## EXERCISE BRIEF
Copy out the lines beginning with the one that contains "據(jù)海關總署數(shù" and ending with the last line below, exactly as they stand. Pictures are not copied.
== INPUT DATA ==
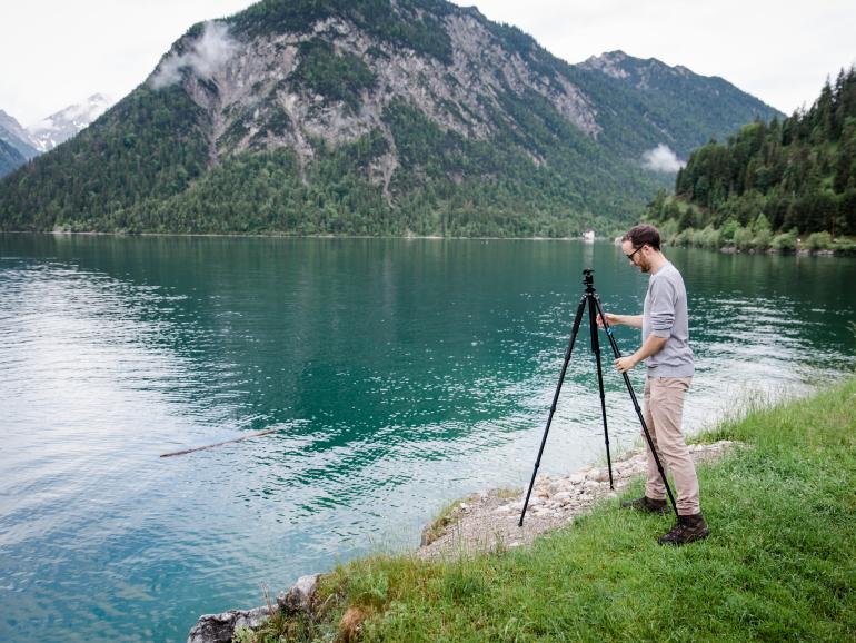 Das von uns in der Praxis getestete Cullmann Mundo 528M zählt zu den Allroundern, die diesen Spagat zwischen leicht und stabil meistern wollen. Mit einem derzeitigen Handelspreis von rund 167 Euro ist es vergleichsweise günstig und dennoch funktionsreich. Wir nehmen das Alu-Stativ mit auf eine Tour rund um den Plansee in Tirol: Der zweitgrößte See Österreichs bietet eine hervorragende Kulisse für Landschaftsfotos mit eindrucksvoller Spiegelung. Auch Experimente mit Graufiltern machen hier Spaß. Spätestens jetzt ist ein stabiles Stativ nötig, welches die Kamera samt Objektiv über eine Belichtungszeit von mehreren Sekunden sicher stabilisiert – und das haben wir mit dem Cullmann Mundo 528M dabei.
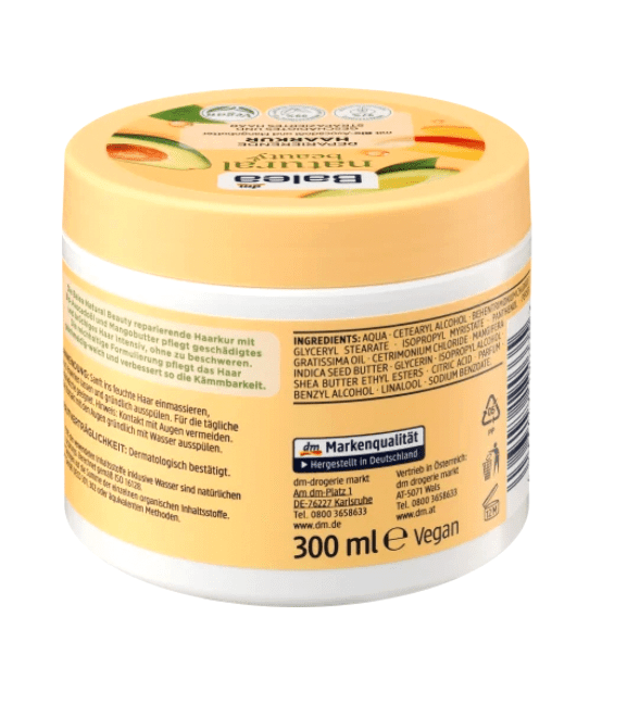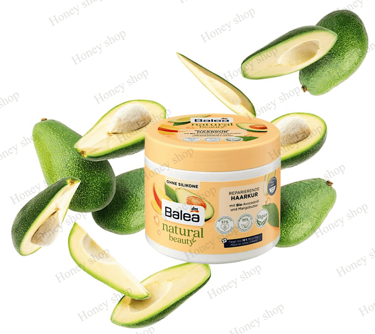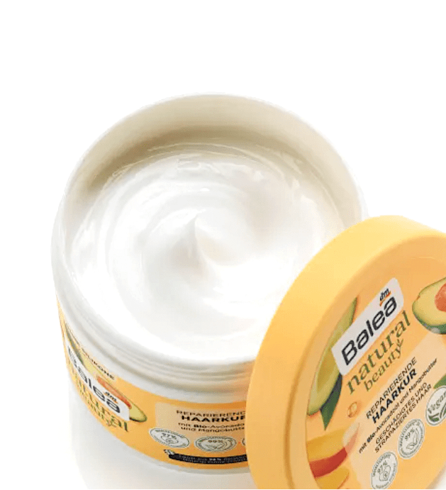 ماسک Balea Natural Beauty حاوی روغن ارگانیک آووکادو و کره انبه است و به شدت از موهای آسیب دیده و شکننده بدون سنگین کردن آنها مراقبت میکند.
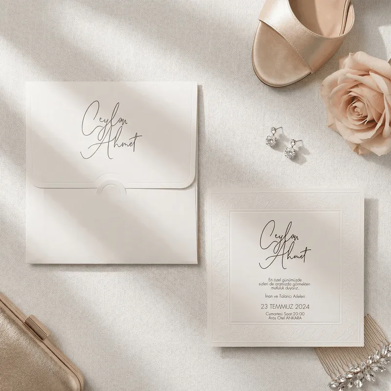 - The invitation is crafted as a set, including the envelope and accessories.
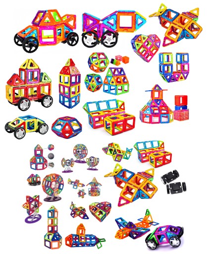 ZESTAW KLOCKÓW MAGNETYCZNYCH - KONSTRUKCYJNE PŁYTKI 124 elementy
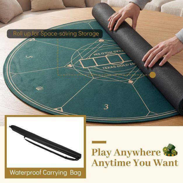 Stay-Power Grip: A non-slip rubber base offers unwavering security, ensuring the poker mat holds firm on any surface. No more frustrating slips, whether you’re in a lively casino or at a backyard barbecue.
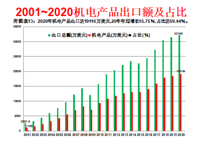據(jù)海關總署數(shù)據(jù)顯示,2020年全國對外出口貿(mào)易總額達3萬億美元,其中機電產(chǎn)品出口貿(mào)易達1.91萬億美元,占比總出口額的59.44%。按傳統(tǒng)出口機電產(chǎn)品總值每億元人民幣相當于間接出口鋼材系數(shù)測算,2020年出口機電產(chǎn)品突破10.66萬億元人民幣,相當于間接出口鋼材近1億噸,較大地提升了鋼材的附加值和國內(nèi)勞動者的就業(yè)率,增強了我國制造業(yè)的市場競爭力。
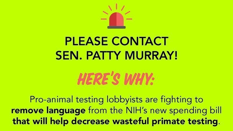 Whether you get a human or voicemail, politely tell them: "As Senator Murray's constituent, I urge her to support a measure in the 2020 NIH funding bill to provide more transparency about wasteful and cruel primate testing and efforts to reduce it. This language already passed the House, and I hope the Senator will support this commonsense effort because I have a right to know how NIH is spending my money."
===
## TASK OUTPUT
據(jù)海關總署數(shù)據(jù)顯示,2020年全國對外出口貿(mào)易總額達3萬億美元,其中機電產(chǎn)品出口貿(mào)易達1.91萬億美元,占比總出口額的59.44%。按傳統(tǒng)出口機電產(chǎn)品總值每億元人民幣相當于間接出口鋼材系數(shù)測算,2020年出口機電產(chǎn)品突破10.66萬億元人民幣,相當于間接出口鋼材近1億噸,較大地提升了鋼材的附加值和國內(nèi)勞動者的就業(yè)率,增強了我國制造業(yè)的市場競爭力。
 Whether you get a human or voicemail, politely tell them: "As Senator Murray's constituent, I urge her to support a measure in the 2020 NIH funding bill to provide more transparency about wasteful and cruel primate testing and efforts to reduce it. This language already passed the House, and I hope the Senator will support this commonsense effort because I have a right to know how NIH is spending my money."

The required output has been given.